Monitoring Spark

This article will help you get the Spark plugin for sd-agent configured and returning metrics

Installing the spark plugin package

Install the spark plugin on Debian/Ubuntu:

sudo apt-get install sd-agent-spark

Install the spark plugin on RHEL/CentOS:

sudo yum install sd-agent-spark

Read more about agent plugins.

Configuring the agent to monitor spark

The spark check can be used on your Mesos master, YARN ResourceManager, or your Spark master.
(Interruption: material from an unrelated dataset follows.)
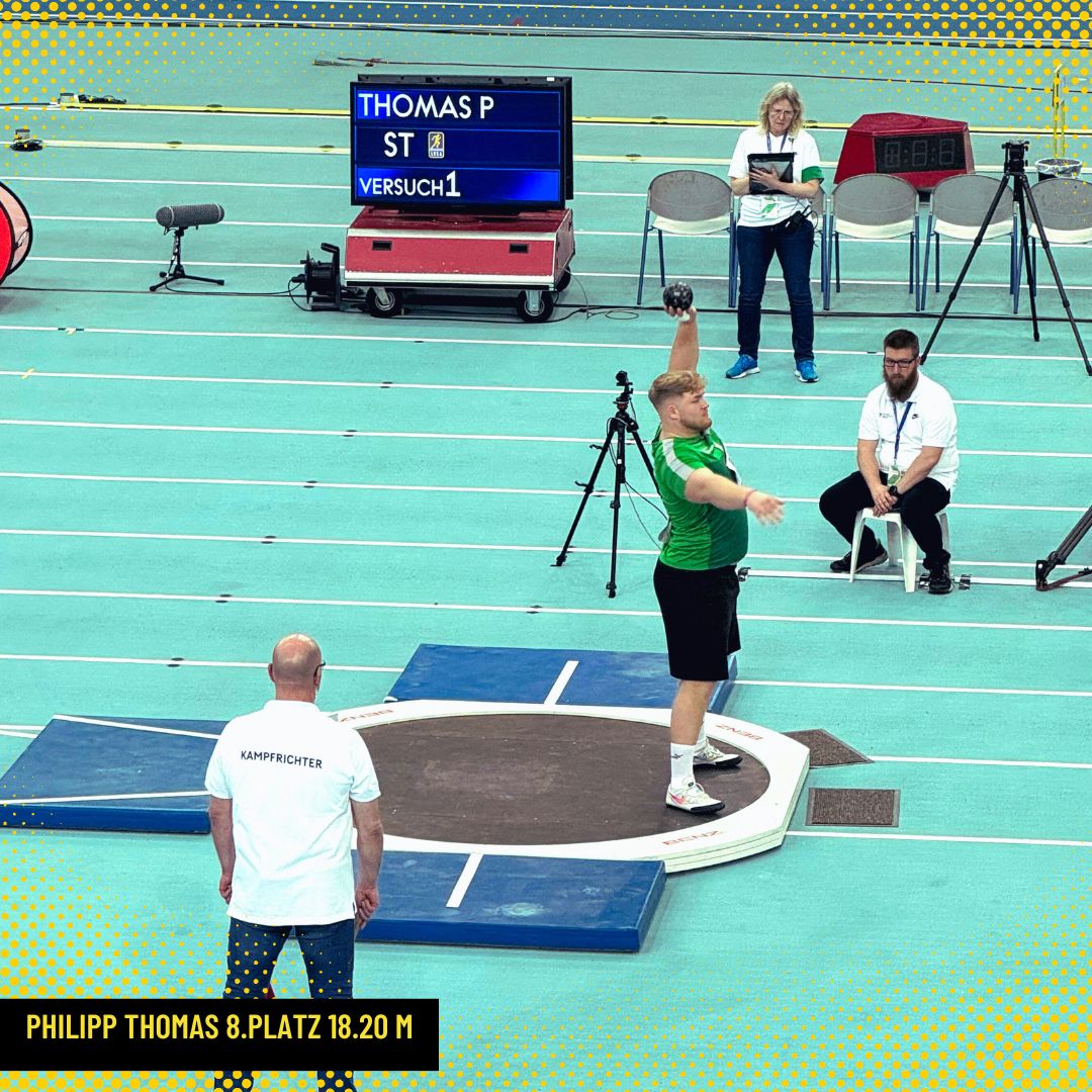 Sowohl im Livestream erkennbar als auch auf den Rängen vor Ort spürbar, fanden die beiden SV Halle Kugelstoß-Athleten Milaine Ammon und Philipp Thomas eine gut präparierte Wettkampfanlage vor, welche beiden zu jeweils einer Finalplatzierung verhalf. Mit persönlicher Bestleistung von 16,61 m belegte Frohnatur Milaine den 7. Platz; Philipp folgte mit soliden 18,20 m auf dem 8. Platz der Männer-Konkurrenz.

1. Configure the check in /etc/sd-agent/conf.d/spark.yaml

init_config:

instances:
  - spark_url: http://localhost:8088 # Spark master web UI
#   spark_url: http://:5050 # Mesos master web UI
#   spark_url: http://:8088 # YARN ResourceManager address

    spark_cluster_mode: spark_standalone_mode # default is spark_yarn_mode
#   spark_cluster_mode: spark_mesos_mode
#   spark_cluster_mode: spark_yarn_mode

    cluster_name:  # required; adds a tag 'cluster_name:' to all metrics

#   spark_pre_20_mode: true   # if you use Standalone Spark < v2.0
#   spark_proxy_enabled: true # if you have enabled the spark UI proxy

Ensure that you set your spark_url and spark_cluster_mode to match your deployment.

2. Restart the agent

sudo /etc/init.d/sd-agent restart

or

sudo systemctl restart sd-agent

Verifying the configuration
Execute info to verify the configuration with the following:

sudo /etc/init.d/sd-agent info 

or

/usr/share/python/sd-agent/agent.py info

If the agent has been configured correctly you'll see an output such as:

spark
-----
  - instance #0 [OK]
  - Collected * metrics

You can also view the metrics returned with the following command:

sudo -u sd-agent /usr/share/python/sd-agent/agent.py check spark

Configuring graphs

Click the name of your server from the Devices list in your Server Density account then go to the Metrics tab. Click the + Graph button on the right then choose the spark metrics to display the graphs. The metrics will also be available to select when building dashboard graphs.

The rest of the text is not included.